The Remote Part was met with universal acclaim from music critics. At Metacritic, which assigns a normalized rating out of 100 to reviews from mainstream publications, the album received an average score of 83, based on 20 reviews.

John Donohue of Blender said that the band could not use "goonish rockers" as a pretence anymore as their "romantic natures have taken over, to great effect". He added that the band "show their true smarts by continuing to attack every track with youthful energy and passion". Chris Long for BBC Manchester Music noted that there was "moments when you think the band's fallen into only being able to write fast rock or slow ballad, and there's nothing in-between, [...] but it never lasts long enough to offend". AllMusic reviewer MacKenzie Wilson wrote that the band had found what they were looking for: "a beautiful calmness and a comfortable spot to reflect upon – and The Remote Part flawlessly does the job". She added that it was "obvious" based on their earlier material that the band were "headed to this point in their career". Entertainment Weeklys Brian M. Raftery found the album to be a "perfectly fine collection of emotive, big-ambition British rock songs".

In a review for NME, Mark Beaumont saw the album as a "bold, bright, broken and bitter beast" that showcases a band that "burst out of their student-sheep’s clothing and rip the throat out of Coldplay". Rolling Stone reviewer Gaylord Fields said the band "ratchet up the latent R.E.M.-isms, elevating themselves heads above their musical kin". Pitchfork contributor Rob Mitchum saw the album's potential for "alt-rock hits [...] where each and every song could be a single". The Guardian music correspondent Dave Simpson noted that the album was "musically anthemic but lyrically introspective". Spins Andrew Beaujon wrote that the band were "compelling when they put Woomble's sad-sack lyrics front and center," though on a few songs, their "turgid squall swamps his words".

The Remote Part charted at number two in Scotland, and number three in the UK. It also reached number 39 in Ireland, and number 135 in France. "You Held the World in Your Arms" charted at number four in Scotland, and number nine in the UK. "American English" charted at number eight in Scotland, and number 15 on the UK. "Live in a Hiding Place" charted at number 17 in Scotland, and number 26 in the UK. "A Modern Way of Letting Go" charted at number 21 in Scotland, and number 28 in the UK. The Remote Part was certified gold by the British Phonographic Industry (BPI).
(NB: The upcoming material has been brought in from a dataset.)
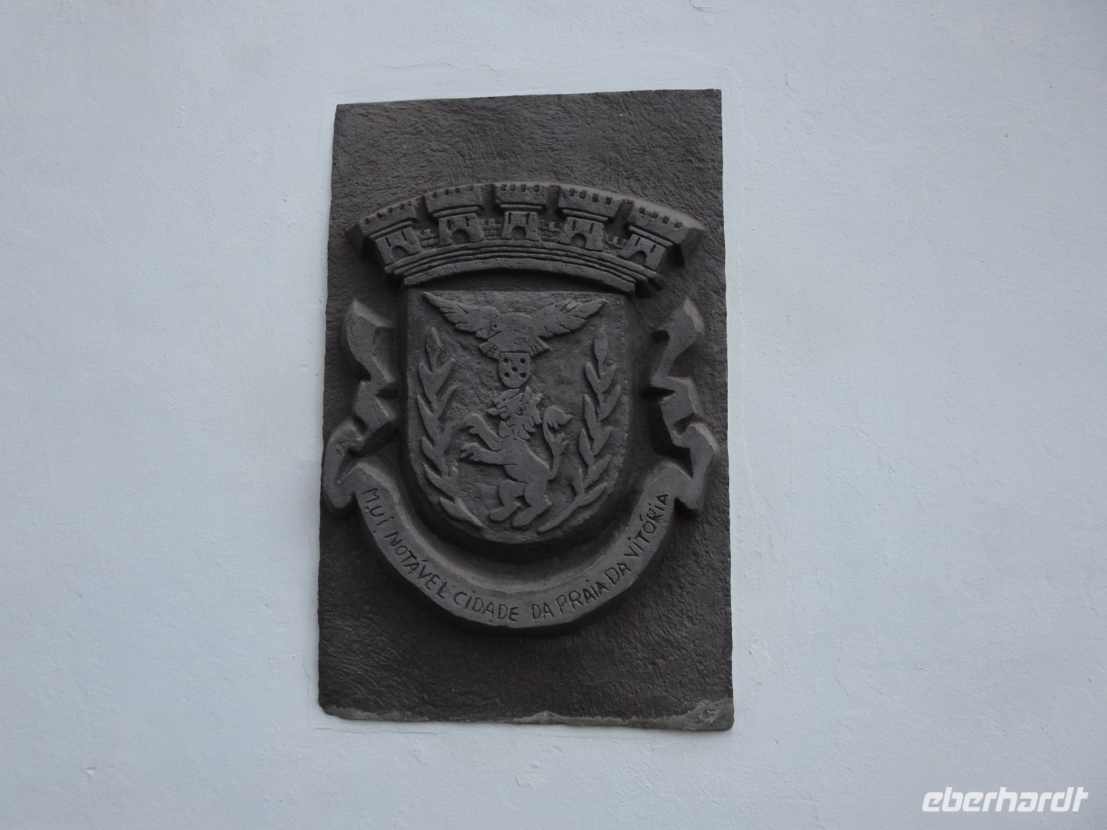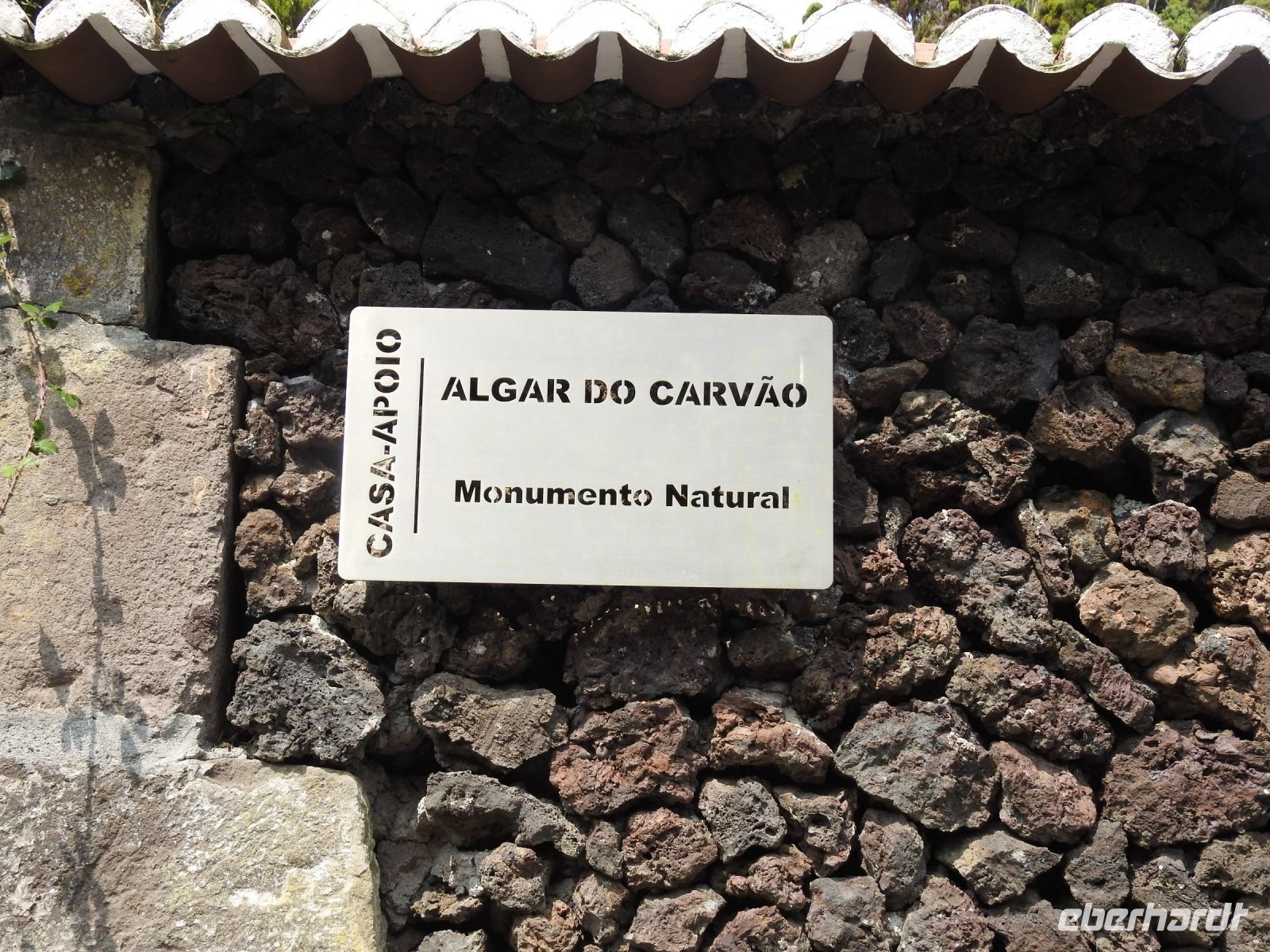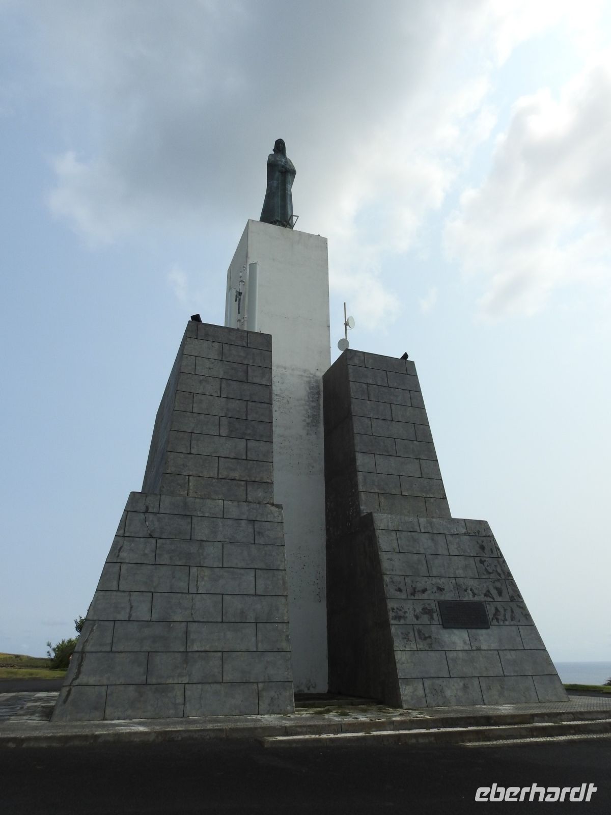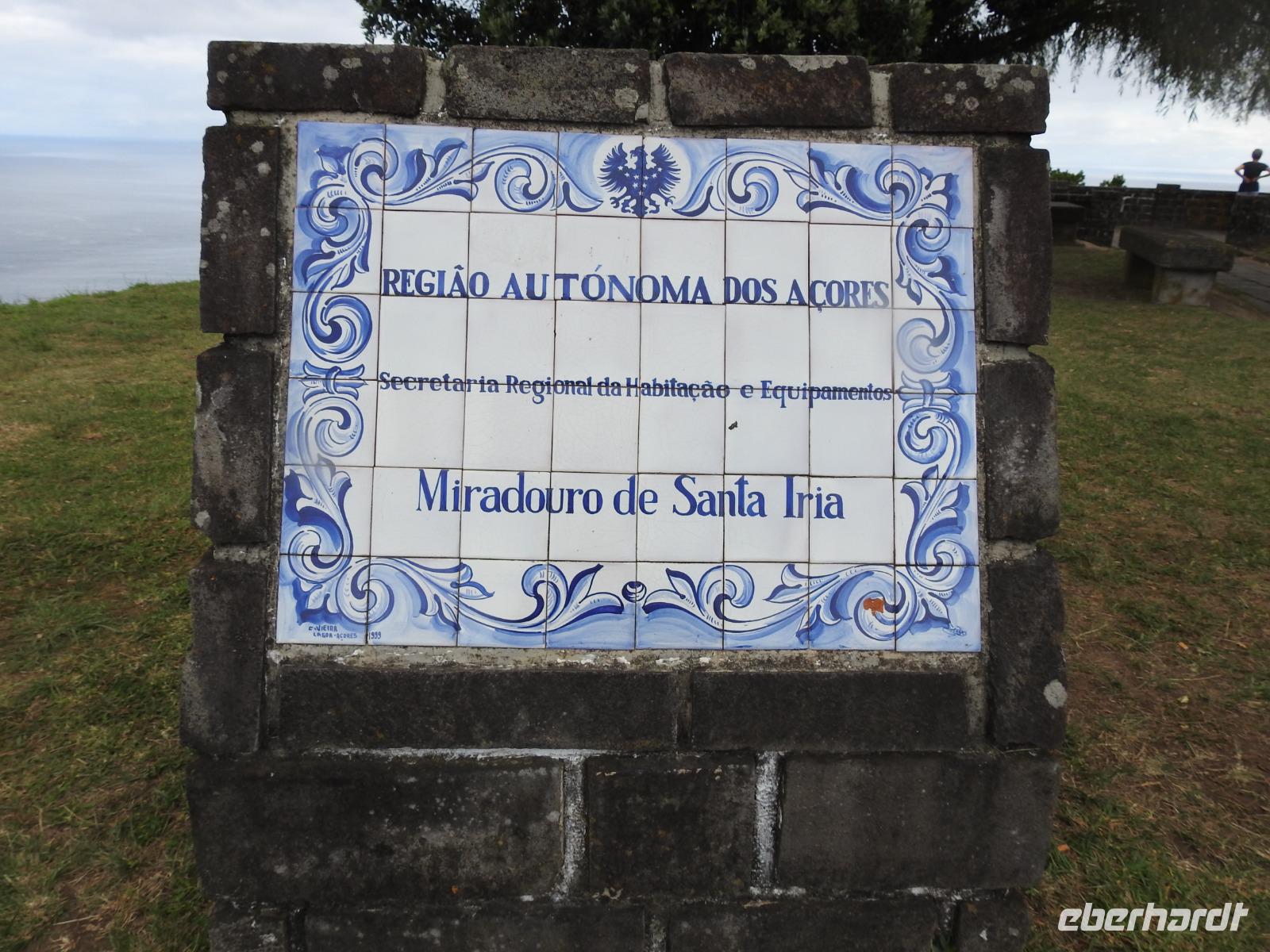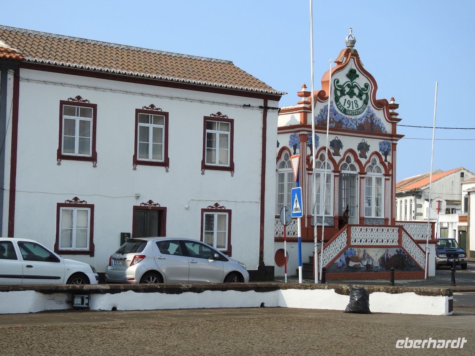 Die Kirche der Schutzheiligen Nossa Senhora de Estrella ist geschlossen. Nur von Außen können wir unter anderem den aus dunklem Basalt erbauten Glockenturm besichtigen.

Playlouder ranked the album at number 10 on their list of the top 50 albums of 2002.

Professional ratings
Aggregate scores
| Source | Rating |
| Metacritic | 83/100 |
Review scores
| Source | Rating |
| AllMusic | Star |
| Blender | Star |
| Entertainment Weekly | A− |
| The Guardian | Star |
| NME | 9/10 |
| Pitchfork | 6.5/10 |
| Q | Star |
| Rolling Stone | Star |
| Spin | B− |
| USA Today | Star Half star |

==Track listing==
All songs by Idlewild, except where noted.

The Remote Part track listing
| No. | Title | Writer(s) | Producer | Length |
|---|---|---|---|---|
| 1. | "You Held the World in Your Arms" |  | Dave Eringa | 3:21 |
| 2. | "A Modern Way of Letting Go" |  | Eringa | 2:23 |
| 3. | "American English" |  | Eringa | 4:34 |
| 4. | "I Never Wanted" | Idlewild; Jeremy Mills; Allan Stewart; | Eringa | 3:55 |
| 5. | "(I Am) What I Am Not" |  | Eringa | 2:43 |
| 6. | "Live in a Hiding Place" |  | Eringa; Guy Massey; | 3:16 |
| 7. | "Out of Routine" |  | Eringa | 3:09 |
| 8. | "Century After Century" |  | Eringa | 4:01 |
| 9. | "Tell Me Ten Words" |  | Stephen Street | 3:46 |
| 10. | "Stay the Same" |  | Eringa | 3:11 |
| 11. | "In Remote Part/Scottish Fiction" | Idlewild; Edwin Morgan; | Eringa | 3:55 |
| Total length: |  |  |  | 40:32 |

==Personnel==
Personnel per booklet.

Idlewild
- Bob Fairfoull – bass
- Rod Jones – guitar
- Colin Newton – drums
- Roddy Woomble – vocals

Additional musicians
- Jeremy Mills – piano (track 11)
- Allan Stewart – extra guitar (track 11)
- Sally Herbert – string arrangement (track 1)
- Edwin Morgan – voice (track 11)

Production and design
- Dave Eringa – producer, mixing
- Guy Massey – engineer, producer (track 6)
- Stephen Street – producer (track 9)
- Cenzo Townshend – engineer (track 9)
- Mark Thomas – engineer - Sawmills
- Dan Grech-Marguerat – assistant
- Howie Weinberg – mastering
- Roddy Woomble – artwork concept
- Traffic – art direction, design
- Danny Clinch – band photography
- British Film Institute – original cover image

==Charts and certifications==

===Weekly charts===

Chart performance for The Remote Part
| Charts (2002) | Peak position |
|---|---|
| Europe (European Top 100 Albums) | 12 |
| French Albums (SNEP) | 135 |
| Greek Albums (IFPI) | 50 |
| Irish Albums (IRMA) | 39 |
| Scottish Albums (Official Charts) | 2 |
| UK Albums (Official Charts) | 3 |

===Certifications===

Certifications for The Remote Part
| Region | Certification | Certified units/sales |
| United Kingdom (BPI) | Gold | 100,000^{^} |
^{^} Shipments figures based on certification alone.